## EXERCISE OBJECTIVE
Repeat exactly the lines of the material below that run from the "Subtle yet striking, this" line to the "بالغ (شكل 4)." line, including both, and do not carry over any pictures.

## INPUT MATERIAL
------

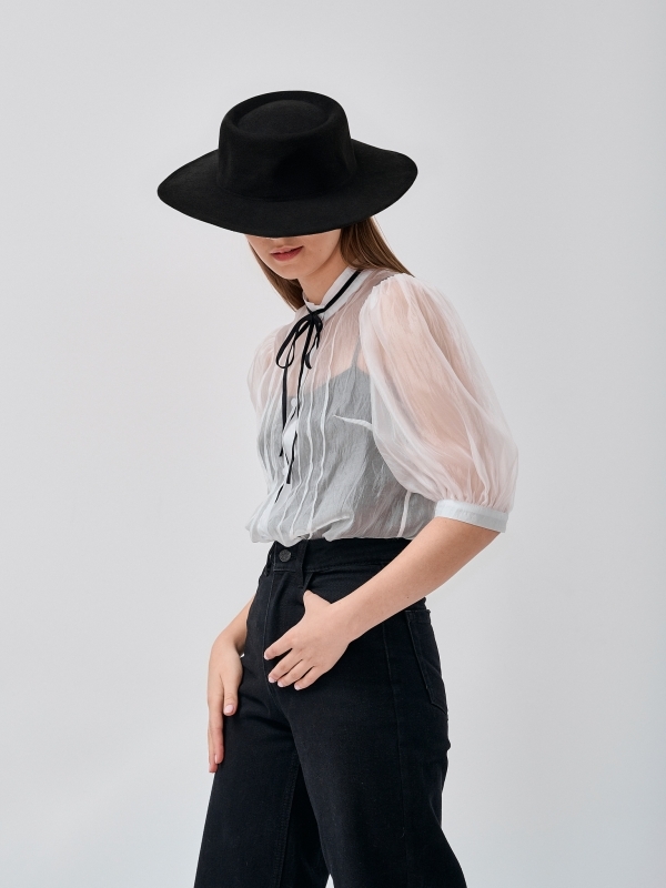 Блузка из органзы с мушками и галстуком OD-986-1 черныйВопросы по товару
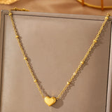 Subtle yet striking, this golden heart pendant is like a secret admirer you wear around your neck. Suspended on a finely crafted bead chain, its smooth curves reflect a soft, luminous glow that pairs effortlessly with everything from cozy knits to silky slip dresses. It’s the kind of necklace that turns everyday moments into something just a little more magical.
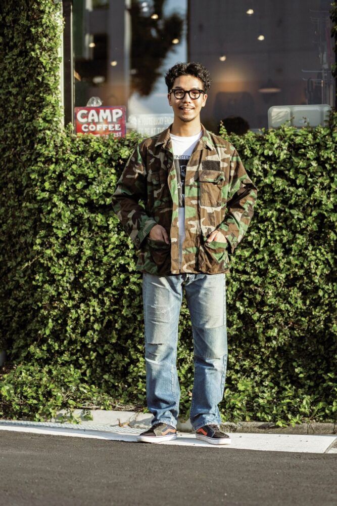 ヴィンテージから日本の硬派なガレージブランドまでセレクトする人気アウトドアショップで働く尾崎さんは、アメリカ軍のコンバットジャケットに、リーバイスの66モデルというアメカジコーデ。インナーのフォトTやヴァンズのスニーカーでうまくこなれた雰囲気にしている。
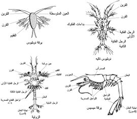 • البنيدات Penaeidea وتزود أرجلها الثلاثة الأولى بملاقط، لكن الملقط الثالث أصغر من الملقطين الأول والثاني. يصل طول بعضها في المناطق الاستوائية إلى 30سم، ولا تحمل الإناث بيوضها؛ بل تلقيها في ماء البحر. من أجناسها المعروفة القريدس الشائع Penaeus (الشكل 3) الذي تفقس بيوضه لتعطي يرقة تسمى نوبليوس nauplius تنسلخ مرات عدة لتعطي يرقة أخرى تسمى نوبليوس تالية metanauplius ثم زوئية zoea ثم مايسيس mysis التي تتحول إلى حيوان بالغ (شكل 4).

------

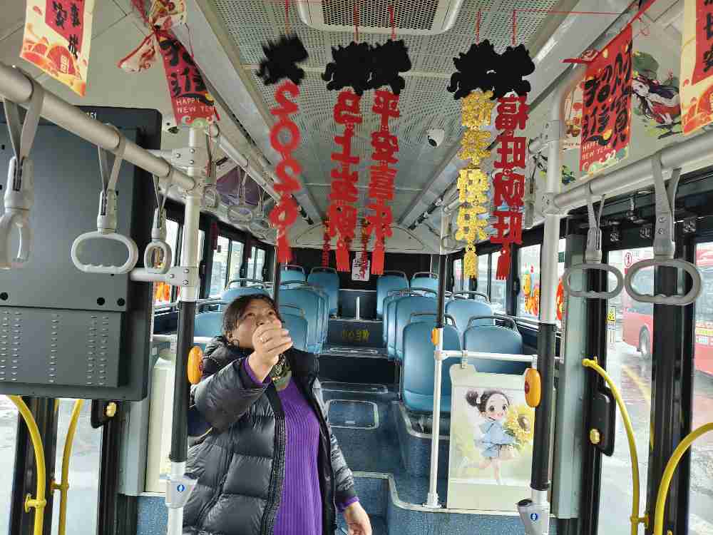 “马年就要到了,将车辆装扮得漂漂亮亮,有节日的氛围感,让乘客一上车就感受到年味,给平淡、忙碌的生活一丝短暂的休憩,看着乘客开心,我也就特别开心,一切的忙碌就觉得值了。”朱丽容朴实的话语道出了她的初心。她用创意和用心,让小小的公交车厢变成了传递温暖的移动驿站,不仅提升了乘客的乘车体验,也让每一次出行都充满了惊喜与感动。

------

## RESPONSE AREA
 Subtle yet striking, this golden heart pendant is like a secret admirer you wear around your neck. Suspended on a finely crafted bead chain, its smooth curves reflect a soft, luminous glow that pairs effortlessly with everything from cozy knits to silky slip dresses. It’s the kind of necklace that turns everyday moments into something just a little more magical.
 ヴィンテージから日本の硬派なガレージブランドまでセレクトする人気アウトドアショップで働く尾崎さんは、アメリカ軍のコンバットジャケットに、リーバイスの66モデルというアメカジコーデ。インナーのフォトTやヴァンズのスニーカーでうまくこなれた雰囲気にしている。
 • البنيدات Penaeidea وتزود أرجلها الثلاثة الأولى بملاقط، لكن الملقط الثالث أصغر من الملقطين الأول والثاني. يصل طول بعضها في المناطق الاستوائية إلى 30سم، ولا تحمل الإناث بيوضها؛ بل تلقيها في ماء البحر. من أجناسها المعروفة القريدس الشائع Penaeus (الشكل 3) الذي تفقس بيوضه لتعطي يرقة تسمى نوبليوس nauplius تنسلخ مرات عدة لتعطي يرقة أخرى تسمى نوبليوس تالية metanauplius ثم زوئية zoea ثم مايسيس mysis التي تتحول إلى حيوان بالغ (شكل 4).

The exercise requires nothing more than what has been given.